Роня хотел даже помочь выгрузить эти предметы вместе с запасом патронов, но его остановили: мол, не гоже, чтобы арестант нес свое оружие, хотя и зачехленное! Он молча наблюдал, как приемщик отобранного лихо хлопал стволами и щелкал курками ружей перед тем, как унести их в особую кладовую.
Все эти предметы Рональд отнюдь не рассматривал как ценности материальные. Они напоминали о близких, дорогих людях, о лучших полосах жизни, воскрешали заветные места на природе. Такое отношение к любимым вещам и предметам искусства он воспитывал в себе, как нечто возвышающее душу. Это не имело ничего общего с накопительством, жадностью к вещам. Ему казалось, что при социализме, при всеобщем благосостоянии, чувство собственничества ослабнет, уступит место совершенно иному этическому чувству, высокому и сильному, прежде недоступному бедняку и рабу, задавленному нищетой, ненавистью, завистью. Они с Катей надеялись, что новый социальный строй должен привести к нравственному перерождению и обогащению человека, научить его ценить бытие, открыть неизведанные ранее эстетические глубины и подарить каждому человеку то главное, что составляет смысл бытия: богатство ума и чувства. Ум человеческий будет развит путем широкого гуманитарного образования, параллельного техническому, а чувства расцветут под влиянием изобилия и широкого выбора возможностей. Человек будущего постигнет, что любовь к женщине должна стать, как в поэме Мояковского «Про это»:
Чтоб не было любви — служанки
Замужеств,
похоти,
хлебов.
Постели прокляв,
встав с лежанки,
Чтоб всей вселенной шла любовь.
Он будет сказочно богатым, этот счастливый человек будущего, творимого ныне! Он-то научится уважению, чуткости и любви к окружающим людям, ибо среди них не будет высших и низших, подавляемых и подавляющих, эксплуатируемых и эксплуататоров. В человеческом обществе будут встречаться везде только товарищи по совместному творчеству, только сотворцы!

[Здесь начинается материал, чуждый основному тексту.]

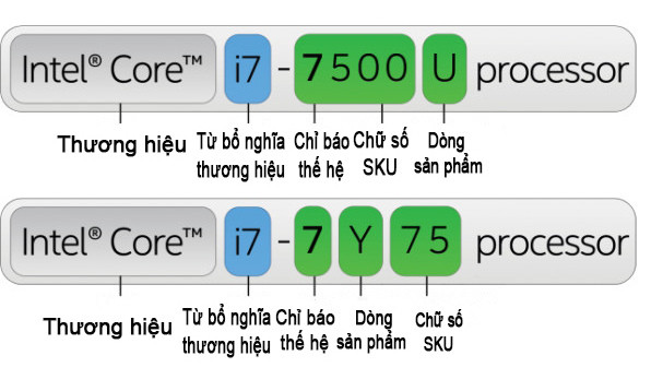Tên bộ xử lý = Thương hiệu (Intel Core) + Từ bổ nghĩa thương hiệu (i7) + Thế hệ (7) + SKU (500) + Dòng sản phẩm (U)

...Города-сады вместят деятелей промышленных и сельскохозяйственных предприятий. Одни будут уезжать на подземные фабрики и заводы, другие — в обширные поля, сады, огороды. И все вместе будут охранять и беречь мать-природу! Чистые реки, изобильные рыбой и пернатой дичью по берегам, потекут среди густонаселенных дубрав и кедровых заповедников. Люди научатся почти молитвенно почитать заповедные рощи и озера с лебедями, преклоняться перед всем богатством жизни в морях и лесах, в горах и долинах. А входя в музейные залы, старинные соборы, кремли и замки, они постигнут скорбь врубелевского Демона, загадку его Пана, духовную красоту нестеровских отроков, могучую силу рублевского Спаса и свет от Сикстинской Богоматери... Все то, что некогда было богатством избранных, не должно исчезнуть, кануть в безвременье, а стать достоянием каждого человеческого сердца. Ради этого — все жертвы, весь черный труд, вся нынешняя тяжесть.
...Но почему эти мысли пришли в голову теперь, в одиночестве и темноте каменного мешка, озаренного негаснущей лампочкой? И сколько предстоит провести здесь времени? Часы? Недели? А может, годы?
Ну, вот дождался перемены! Повели в баню!
Остригли очень коротко. Пока мылся под душем, почти холодным, одежду подвергли строгому обыску. Срезаны были почти все пуговицы, стяжки, петли. Отобрали ремень.
Когда оделся — испытал неприятную неуверенность — не упали бы штаны! Потом как-то приспособился ходить, не держась за пояс брюк. Выдали ему после бани соломенный тюфяк и постельные принадлежности, повели коридором с одинаковыми дверьми. В каждом — глазок и окошечко, плотно прикрытое. Одну из дверей надзиратель отомкнул, пропустил арестанта с матрасом и постельными принадлежностями вперед, в камеру, и закрыл снаружи дверь. Роня очутился среди полутора или двух десятков человек.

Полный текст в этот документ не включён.